Fig. 1Human immune cell reconstitution of NIKO mice. A Timeline for engrafting human CD34+ cells and harvesting of blood and organs for analysis. Percentage reconstitution of human immune cells in blood, bone marrow, spleen, lung, liver and thymus of NIKO mice over a course of 52 weeks. mean ± SD are indicated; n = 5. B Proportion of various human immune subsets in the blood, bone marrow, spleen, lung and liver over time. For the thymus, immune cells largely comprised of B and T cells, proportion of subsets as shown. Bars show mean ± SD; n = 5
We immunophenotyped the human CD45+ cells to track changes in the human immune cell population over 52 weeks and observed drastic changes in the composition of leukocytes in all organs. One week after human CD34+ cell engraftment, all tissues (excluding the thymus) were dominated by a combination of HLA-DR+ myeloid cells, residual CD34+ progenitor cells, and CD66b+ granulocytes (Fig. 1B, Additional file 1: Fig. S1). B cells were the next primary cell type to appear during week 3 and dominated the hematopoietic compartment up to week 16.5, while the myeloid population correspondingly decreased. This was especially true in the blood, spleen and bone marrow, where B cells comprised the majority of immune cells from week 3 to 16.5. The liver and lung appeared to support the myeloid cell population the longest, comprising 23.73% and 22.59% of human CD45+ cells in the liver (up to week 9) and lung (up to week 16.5), respectively. T cells began to appear in the blood, spleen, lung and liver at week 9, and in the bone marrow at week 16.5. They quickly surpassed all other cell types, making up the majority of the human CD45+ cells by week 28.5 in the spleen (78.87%), bone marrow (89.44%), lung (93.42%), liver (96.67%) and blood (97.06%) (Fig. 1B, Additional file 1: Fig. S1).
The thymus showed a skew towards the adaptive immune cell compartment from week 3, being dominated by B cells (41.02%), single positive CD4 (13.94%) T cells, as well as the expected CD3-positive, CD4/CD8 double positive (DP) (13.97%) and double negative (DN) (18.13%) thymocytes. The frequency of B cells steadily decreased as the mice matured. This was accompanied by an increase in DP T cells, peaking at week 16.5 (74.05%) and decreasing with age, thereafter, denoting appropriate thymopoiesis of human T cells (Fig. 1B, Additional file 1: Fig. S1).

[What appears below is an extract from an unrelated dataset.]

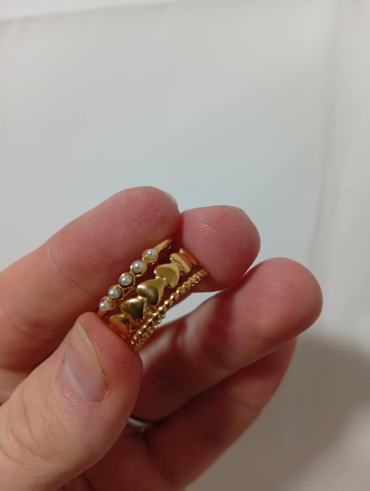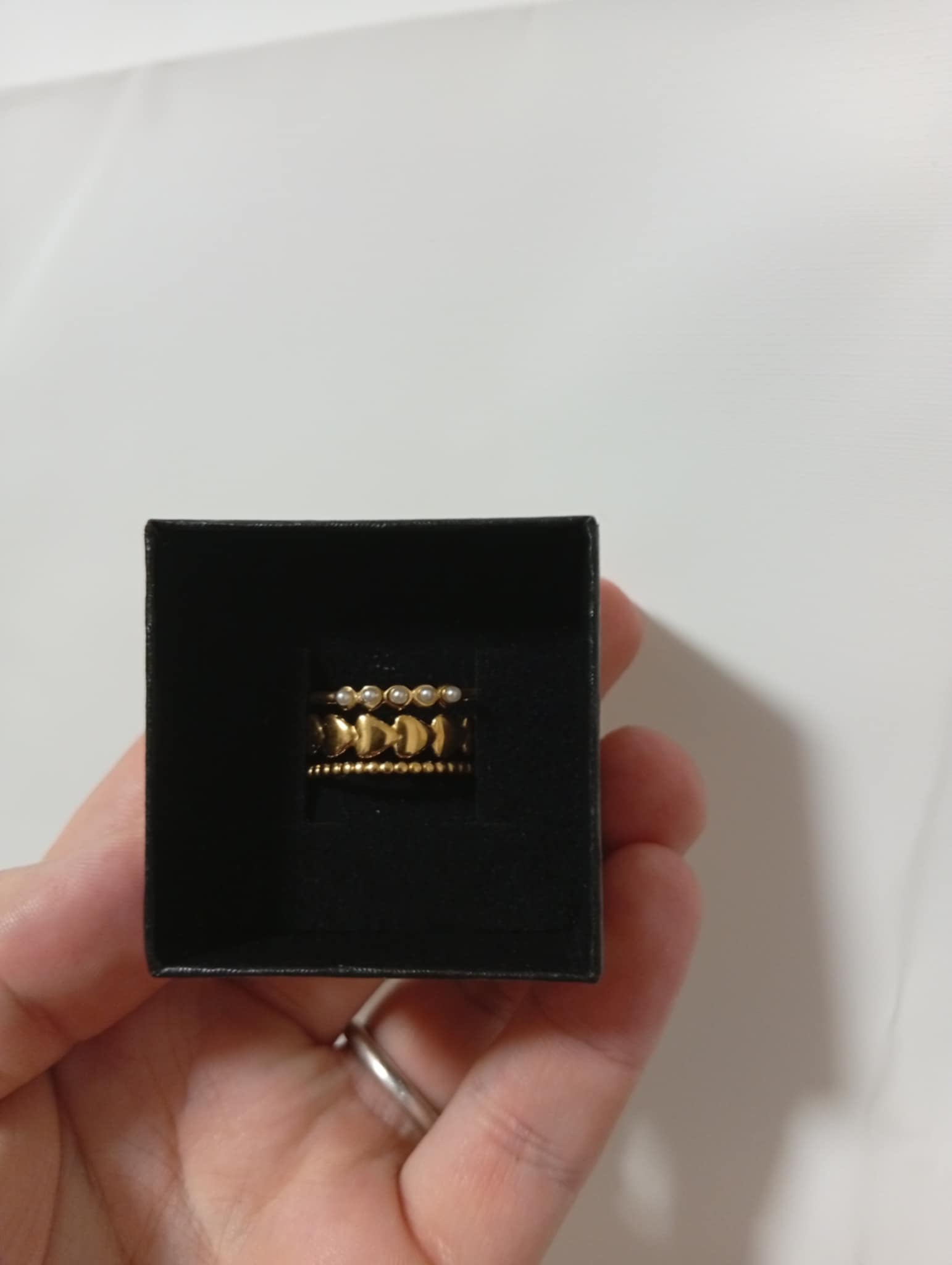 Denne ring, 3 i 1 ring sat sammen med 3 forskellige mønstre. Ringen er justerbar så passer mange forskellige str.
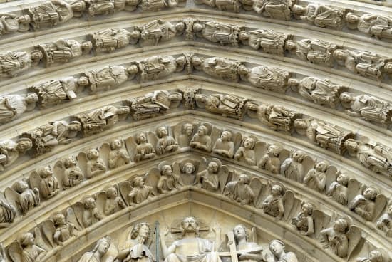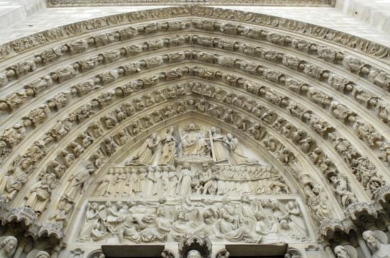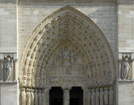 La façade principale, donnant vers l’ouest sur la place du Parvis Notre-Dame, de 40 mètres de long, offre une remarquable unité de composition. Trois portes s’y ouvrent : celle de la Vierge (à gauche), celle du Jugement dernier (au centre), et celle de Sainte-Anne (à droite). Des figurines d’anges et de saints remplissent les voussures, tandis qu’aux soubassements s’épanouissent des bas-reliefs consacrés aux Occupations du mois, représentant les Vertus et les Vices.

Overall, human CD34+ cells, when transplanted into the liver of neonate NIKO mice, can reconstitute various human immune cell types, the composition of which drastically changes as the mice age. While there was a good mixture of T, B and myeloid cells up to week 16.5, the mice exhibited a T cell-dominant phenotype from week 28.5 onwards. This phenomenon was consistent across all organs except for the thymus, which led us to focus our study on T cells.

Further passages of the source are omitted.